Haven't heard about any of them :/ This summer I took it one step further and got myself the beefiest GPU I could reasonably get (for unrelated purposes) and started using local models for everything I do with LLMs.

1 comment

embedding-shape

Imustaskforhelp 18 days ago

> I don't know any specific "how long they keep logs" or anything like that, but what I do know, is that typically you try to sit on your data for as long as you can, because you always end up finding new uses for it in the future. Maybe you wanna compare how users used the platform in 2022 vs 2033, and then you'd be glad, so unless the company has some explicit public policy about it, assume they sit on it "forever".

I am gonna assume in this case that the answer is forever.

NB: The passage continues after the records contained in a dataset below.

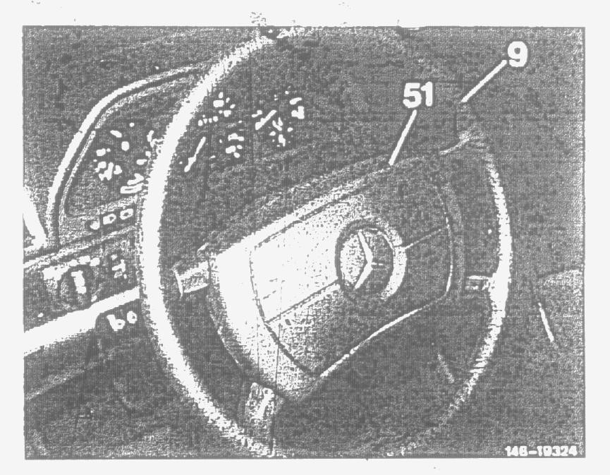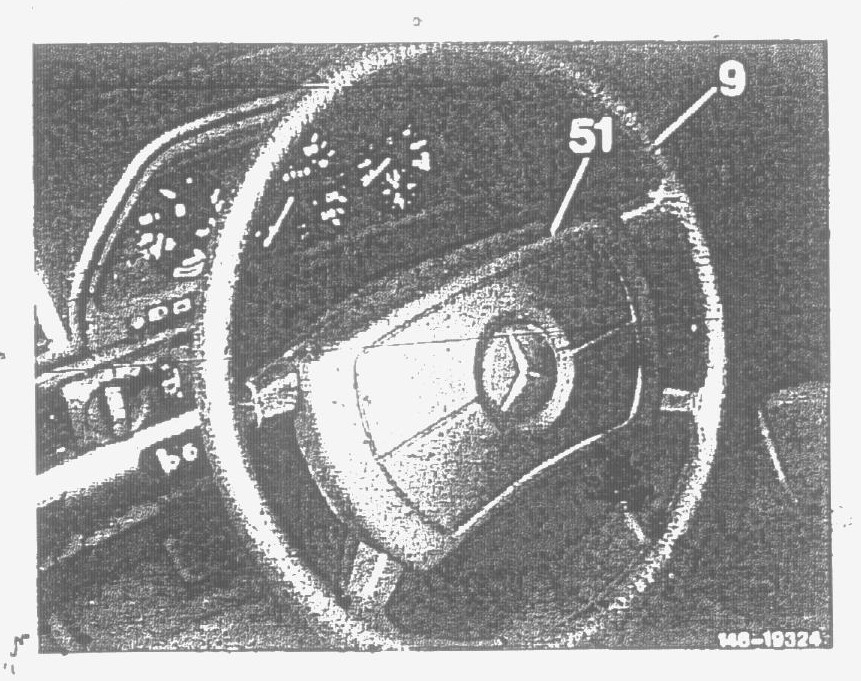 17. Apply light blows with hand against steering wheel rim to check for clattering noises. Noises are caused by tilting or diagonal play of airbag unit on steering wheel.
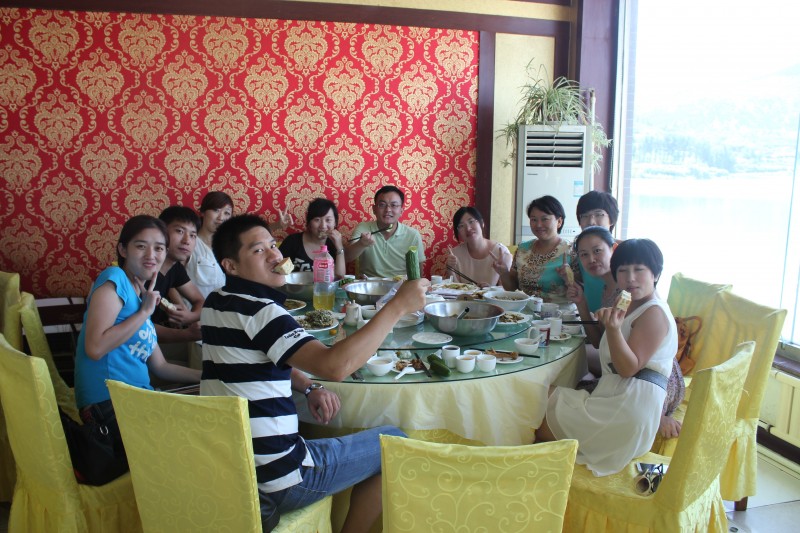 中午時分,大家乘坐大巴車到了雪野湖畔最具當?shù)靥厣?ldquo;魚頭老店”,熱心的酒店老板微笑著招呼每一個伙伴入座,待大家都入座后,主持人揭曉了一個神秘環(huán)節(jié),給8月份過生日的伙伴們辦了一個隆重的慶生會,在伙伴們的祝福聲中,房總給大家頒發(fā)了公司精心準備的創(chuàng)意禮物,一番合影留念之后,歡樂盛大的午宴開始了,野菜、魚頭。。。美味豐盛的菜肴伴隨著酒杯的碰撞聲和彼此的祝福聲,交織成一首歡快的交響樂,其樂融融的畫面留在了大家的記憶深處。。。。。。
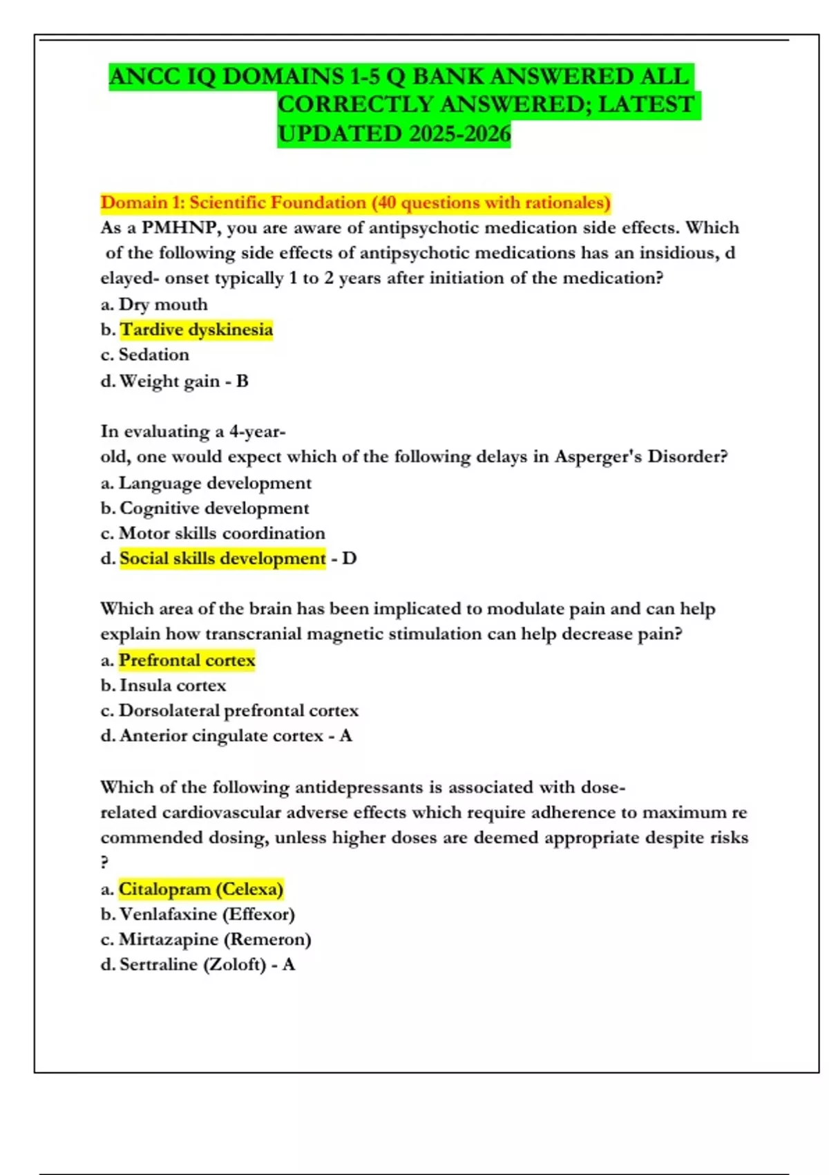 Package deal for ANCC IQ Domain Exam Questions With 100% Correct And Verified Answers (Latest Update)
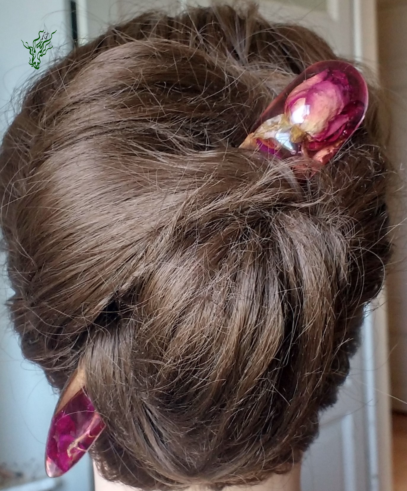 Dieser Haarschmuck wurde hier im Preview direkt adoptiert – viele andere Haarstäbe findest du in meinem EtsyShop
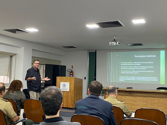Na ocasião, foi apresentada a pesquisa na área de tecnologias quânticas desenvolvida no instituto, através dos servidores da casa: Ivan S. Oliveira, Alexandre Martins e Clécio De Bom, assim como o convidado da Universidade Federal Fluminense (UFF), Prof. Antonio Zelaquett Khoury.
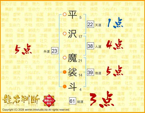 平(5画)沢(17画) 魔(21画)裟(14画)斗(4画)
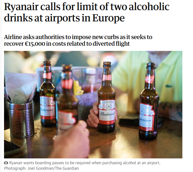 Я дважды был свидетелем как высаживали пьяных в дупель пассажиров и из-за них мы вылетали на часа-два позже. Правда, решение не в том что ограничить количество дринков, а сделать их 10Х дороже. Когда бокал вина charles shaw или стопка виски будет стоить $50 (+ tax) желающих выжрать бутылку в баре до рейса будет меньше.
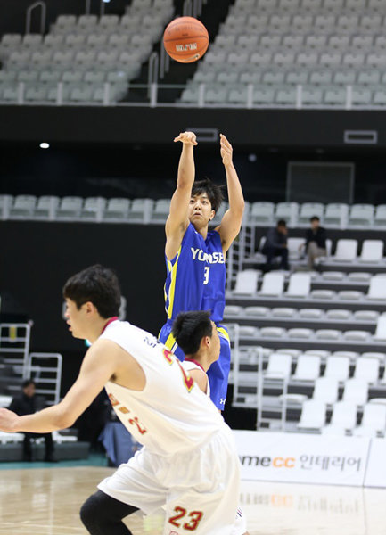 가장 눈에 띄었던 선수는 전형준(19)이었다. 1학년인 전형준은 이날 15분여만 뛰고도 3점슛 4개 포함 16점을 쏟아냈다. 전형준이 외곽에서 힘을 보내면서 연세대는 3~4쿼터에 뒷심을 발휘할 수 있었고, 골밑 위주의 플레이를 펼친 한양대의 맹추격을 뿌리 칠 수 있었다. 은 감독은 “(전)형준이가 내가 말한 케이스가 될 수 있을 것 같다. 오늘 찾아온 기회를 확실히 잘 잡았다”라고 칭찬했다.
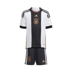 El equipamiento perfecto para correr y saltar por el parque o el jardín. Este miniconjunto adidas para futuras promesas luce el diseño con la franja frontal en contraste de la primera equipación de la selección de Alemania. Consta de una camiseta, un pantalón corto y unas medias de fútbol para que tu pequeño forofo demuestre su apoyo incondicional. Su tejido suave y transpirable AEROREADY mantiene la piel fresca y seca mientras se inicia en el fútbol.

I actually looked at kagi assistant for the purposes of this as someone mentioned and created a free kagi account but looks like that they are using AI models api themselves and the logs which come with that. Wouldn't consider it the most private (although like bedrock and aws says that they provide logs for 30 days but still :/ I feel like there is still a genuine issue )

I don't want to buy a gpu for my use case too though being honest :/

Either I am personally liking the proton lumo models or confer.to (I can't use confer.to on my mac for some reason so proton lumo it is)

I am probably gonna be right on proton lumo + kagi assistant/z.ai (with GLM 4.7 which is crazy good model)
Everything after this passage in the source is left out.